Even where both engines accept a construct, the matching behavior is not always the same.

  • Unicode-aware character classes. In the Rust engine, \d, \w, \s, and . are Unicode-aware by default, so \d matches every digit codepoint defined by Unicode rather than only 0-9. Java's defaults match ASCII only and require the UNICODE_CHARACTER_CLASS flag (or (?U) inline) to switch to Unicode semantics. The same pattern can therefore match a different set of characters on each side.
  • Line terminators. In multiline mode, Java treats \r, \n, \r\n, and a few additional Unicode line separators as line boundaries by default. The Rust engine treats only \n as a line boundary unless CRLF mode is enabled. ^, $, and . (with (?s) off) all depend on this definition.
  • Case-insensitive matching. Both engines support (?i), but Java's default is ASCII case folding while the Rust engine uses full Unicode simple case folding when Unicode mode is on. Patterns that match characters outside ASCII can produce different results.
  • POSIX character classes. The Rust engine supports [[:alpha:]] style POSIX classes inside bracket expressions but not Java's \p{Alpha} shorthand. Java accepts both. Unicode property escapes (\p{L}, \p{Greek}, etc.) are supported by both engines but cover slightly different sets of properties.
  • Octal and Unicode escapes. Java accepts \0nnn for octal and \uXXXX for a BMP codepoint. Rust uses \x{...} for arbitrary codepoints and does not accept Java's bare \uXXXX form.
  • Empty matches in split. Spark's StringSplit, which is built on Java's regex, includes leading empty strings produced by zero-width matches at the start of the input.
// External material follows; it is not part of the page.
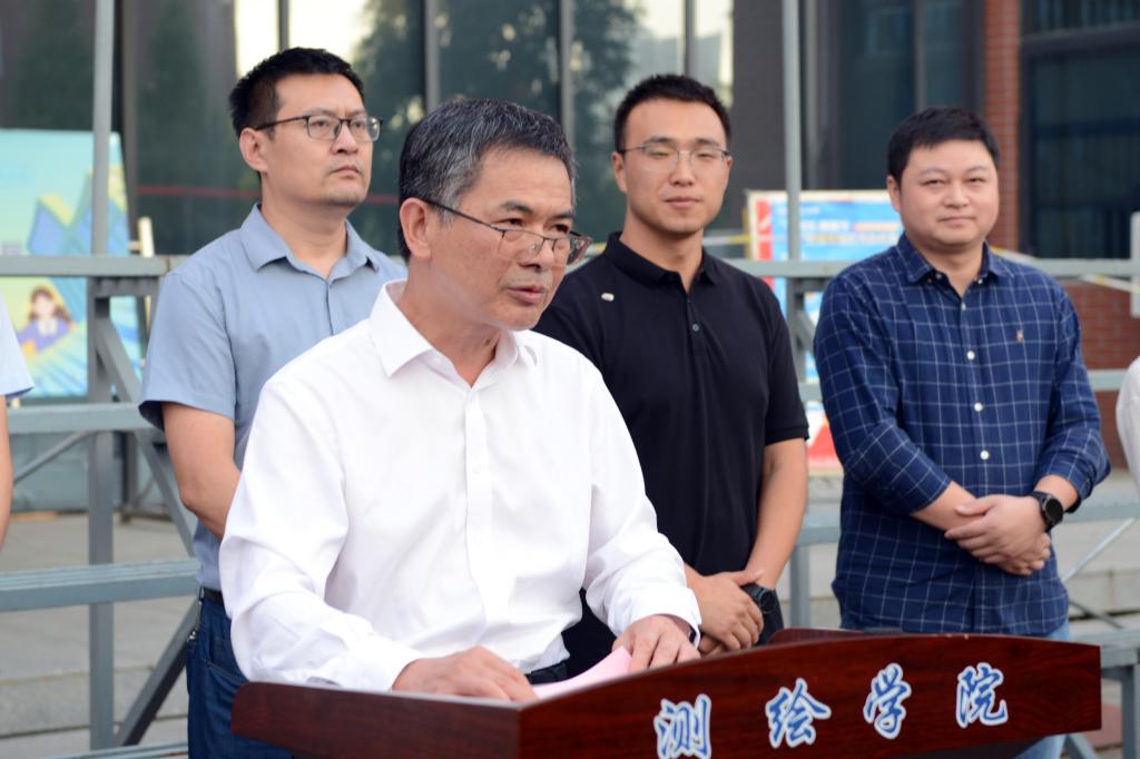 余学祥代表学院向全体新同学介绍了学院自建院以来一路的发展历程,他强调,空测学院的历史,是空测人一步一个脚印走出来的;空测学院的成绩,是空测人踏踏实实干出来的。空测人要读懂空测学院这本书,从厚重的积淀中汲取前行的力量。希望各位同学们接过班旗以后,同心同德,风雨同舟,能和班级同学拧成一股绳,共同进步,共同辉煌,共同走好美好的大学时光!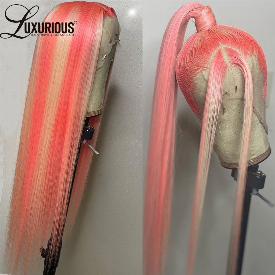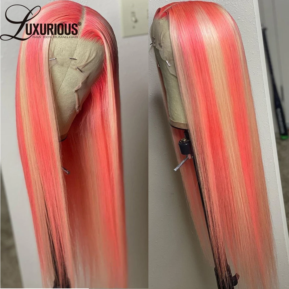 Розовые шелковистые прямые парики из человеческих волос для женщин, ярко-розовый парик на кружеве, прозрачные парики на кружеве, блонд, 613, фронтальный парик из кружева

The Rust engine's split follows different rules, so split results can differ in edge cases involving empty matches even when the pattern itself is identical on both sides.

When the Rust engine is safe

For most ASCII-only, non-anchored patterns that use only literal characters, simple character classes, and ordinary quantifiers, the two engines produce the same results. If you are confident your patterns fit this shape and want to avoid the JNI overhead of the Java engine, switching to the Rust engine with allowIncompatible=true is generally safe.

For anything that uses backreferences, lookaround, or relies on Java's specific Unicode or line-handling defaults, use the Java engine.